5 Kommentare Schreibe einen Kommentar

  1. Ja, fast unvorstellbar, dass die Bildpunkte der 4 Teleskope so vereinigt werden können als wäre da nur ein einziges Teleskop. Denn es bedeutet bei der Wellennatur der Lichtpunkte, dass Wellenhügel mit Wellenhügeln und Wellentäler mit Wellentäler vereinigt werden müssen. Die Distanz zwischen zwei Wellentälern sind im optischen Bereich aber im Submikronbereich, also kleiner als ein tausendstel Millimeter. Die mechanische Genauigkeit müsste dann nach Hausmannslogik ebenfalls im Bereich von tausendstel Millimeter liegen. Doch fast jedes meterlange Material ändert seine Länge auch nur schon bei 0.1 Celsius Erwärmung um deutlich mehr. Wir haben es hier also mit einem Wunder zu tun. Da muss man sich nicht wundern, dass es etwas länger gedauert hat, bis alles zusammen war zumal immer noch der Spruch gilt: „Unmögliches wird sofort erledigt, Wunder dauern etwas länger“

    • Zusatz: Natürlich muss die Spiegeloberflächengenauigkeit eines einzelnen Teleskops schon im Submikrometerbereich liegen. Doch wenn man 4 Teleskope zusammenschalten will, heisst das ja, dass man das Licht der korrespondierenden Bildpunkte der 4 Teleskope an einen gemeinsamen Punkt weiterleiten muss. Und dieser Punkt liegt dann dutzende von Metern, also ein Vielfaches des Spiegeldurchmessers, entfernt von den Ursprungspunkten. Je länger der Weg, desto mehr Ungenauigkeit kann sich aber einstellen.
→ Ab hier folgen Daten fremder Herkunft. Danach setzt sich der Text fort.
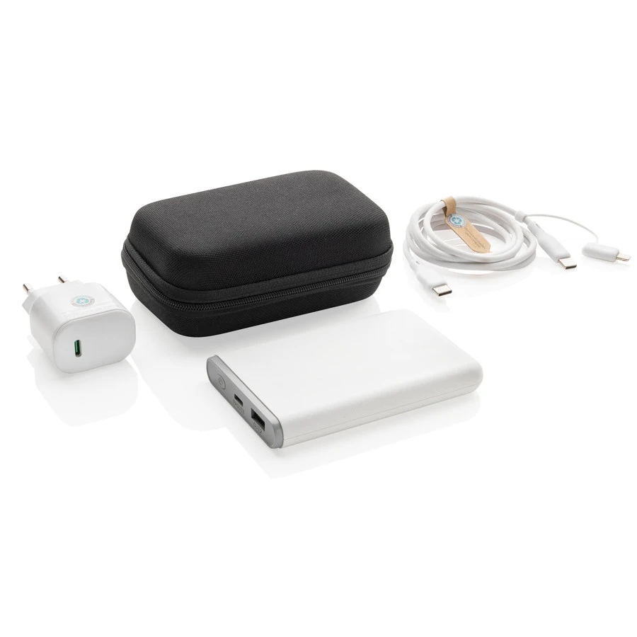 Mukana EU-sovitin, jossa on 20 W USB-C -portti, 5 000 mAh virtalähde ja 120 cm kierrätetty TPE 60 W pikalatauskaapeli (USB-C USB / Lightning). Kaapeli tukee tiedonsiirtoa ja myös suurempien laitteiden kuten kannettavien tietokoneiden lataamista. Sovitin, virtalähde ja kaapeli on valmistettu RCS-sertifioidusta kierrätetystä PC:stä, ABS:stä ja kierrätetystä TPE:stä. Pakattu FSC® -pakkaukseen. PVC-vapaa.
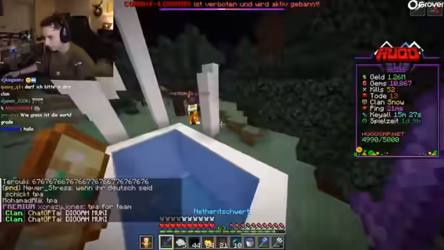 03:59:15Der Streamer entdeckt eine befreundete Base, die überfallen wurde, und reagiert wütend auf die Angreifer. Er diskutiert mit seinem Clan über Verluste, fehlende Ressourcen wie Netherite und strategische Fehler. Es kommt zu Diskussionen über Wiederaufbau und Ressourcenmanagement. Ein Mitglied namens Hugo wird beschuldigt, die Base verraten zu haben, was zu Vorwürfen und Versuchen führt, ihn zu bestrafen. Die Szene zeigt die Dynamik von Clan-Konflikten und die Herausforderungen des Teamspiels auf dem Server.
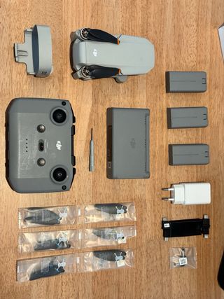 Pack dron DJI MINI 2 incluye: -Dron DJI MINI 2 -Control remoto -Bolsa oficial de transporte DJI -Cargador completo de 3 baterias original -3 Baterías -Cables para poder conectar cualquier tipo de móvil -Hélices de repuesto -Destornillador pequeño -Helipuerto desplegable con su bolsa de transporte y 3 estacas de plástico -Protectores de hélices para volar en interiores -Protector solar acoplable al control remoto con espacio para el móvil, a fin de mejorar la visibilidad en los días más soleados -SanDisk Extreme 128 GB microSDXC. El dron está en perfectas condiciones. Se ha usado 2,30 h demostrables
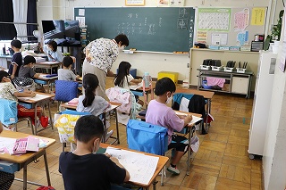 『かたかな あつまれ』点や画の書き方、文字の形に注意しながら、丁寧に書いていく練習です。
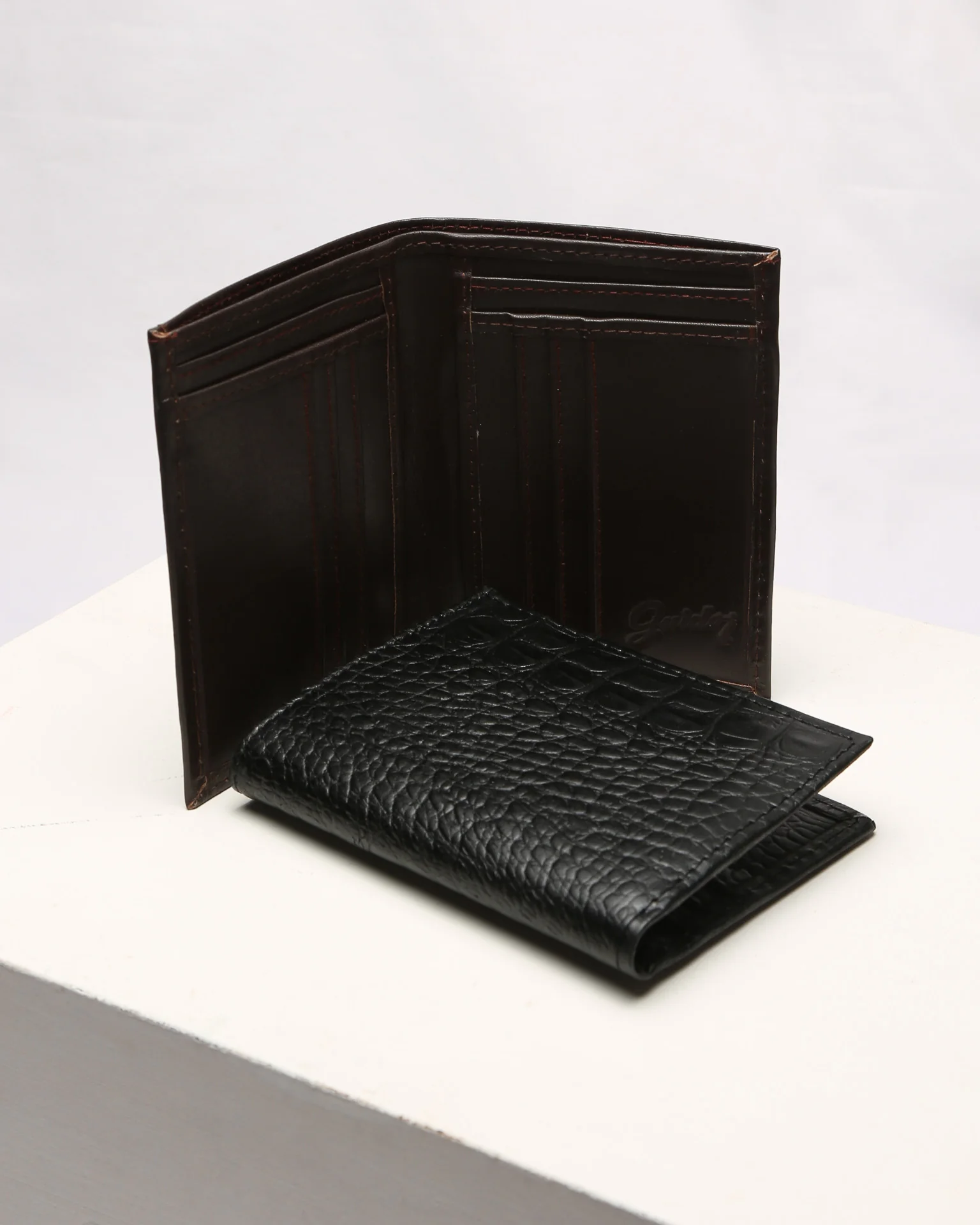 Art. B220 – Billetera Euro GUIDO, elaborada artesanalmente con cuero 100% vacuno de la más alta calidad. Esta billetera funcional incluye compartimentos para tarjetas y billetes, y presenta un diseño único disponible en cuero liso o croco. La combinación perfecta de elegancia y practicidad en un solo accesorio.
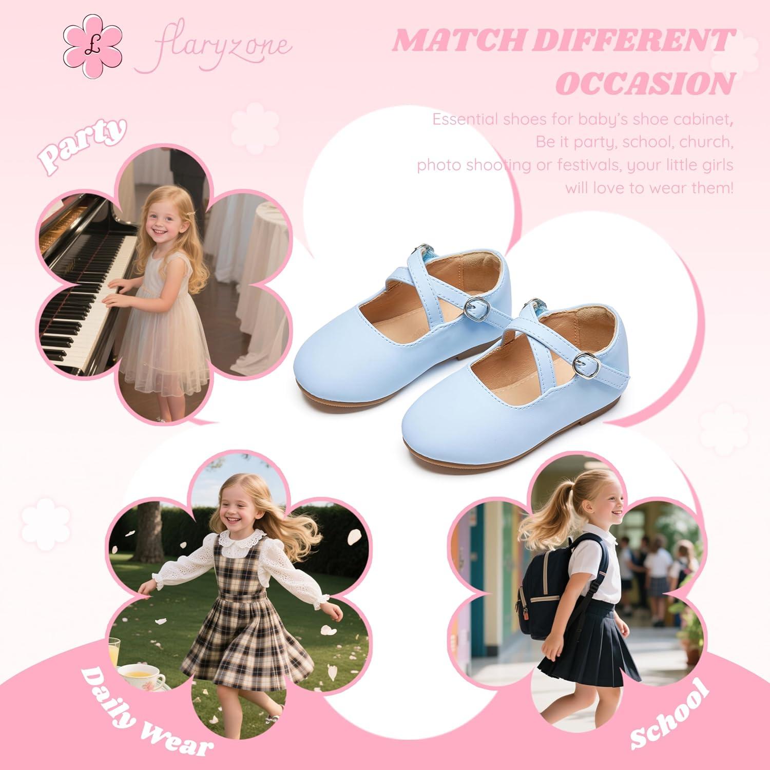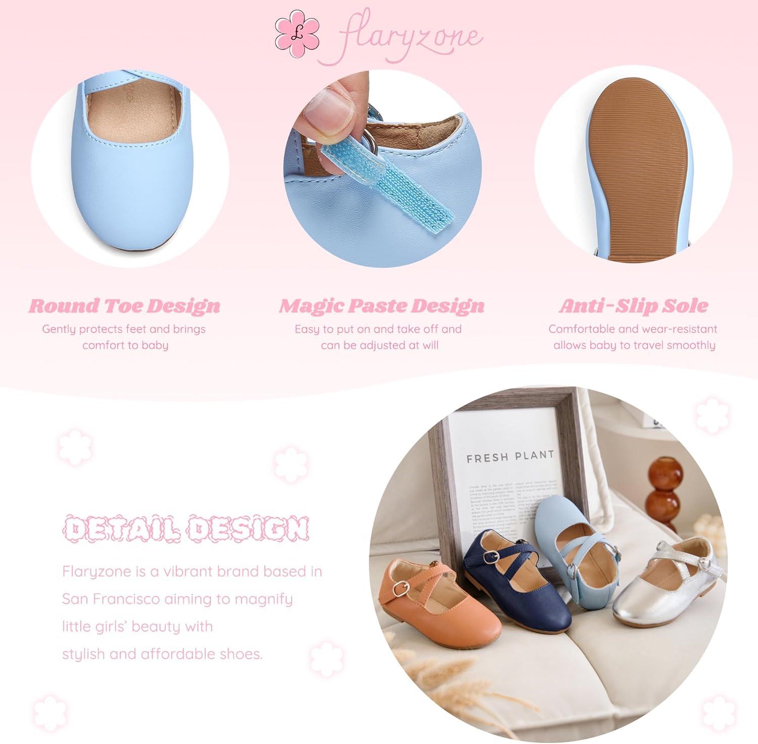 Flaryzone Toddler/Little Girls’ Ballerina Flat Mary Jane Princess Dress Shoes – Wedding School Party(Light Blue-fr11)

      • Ja, in der Tat. Die Technologie ist reichlich spektakulär, was da mit den Lichtwellen geschieht. Im Talk ist auch eine Animation zu sehen, die den (leider habe ich vergessen, wie viele Meter – aber ziemlich langen) Weg durch den Untergrund bis zum Interferenzbild zeigt. Ich fand, dass die Technologie schon sehr, sehr beeindruckend ist – ganz abgesehen davon natürlich auch das, was man damit dann forschend machen kann …

  2. Susanne Päch schrieb (19. Juni 2017):
    > […] Plan B: Mit einem Laser projizieren die Astrophysiker in 90 Kilometern Höhe virtuelle Leitsterne.

    Wer sich (etwa so wie ich) daraufhin fragt, wie, in welchen Höhen und mit welcher Genauigkeit sich „virtuelle Leitsterne“ überhaupt „projizieren“ lassen, findet Hinweise u.a. in Wikipedia.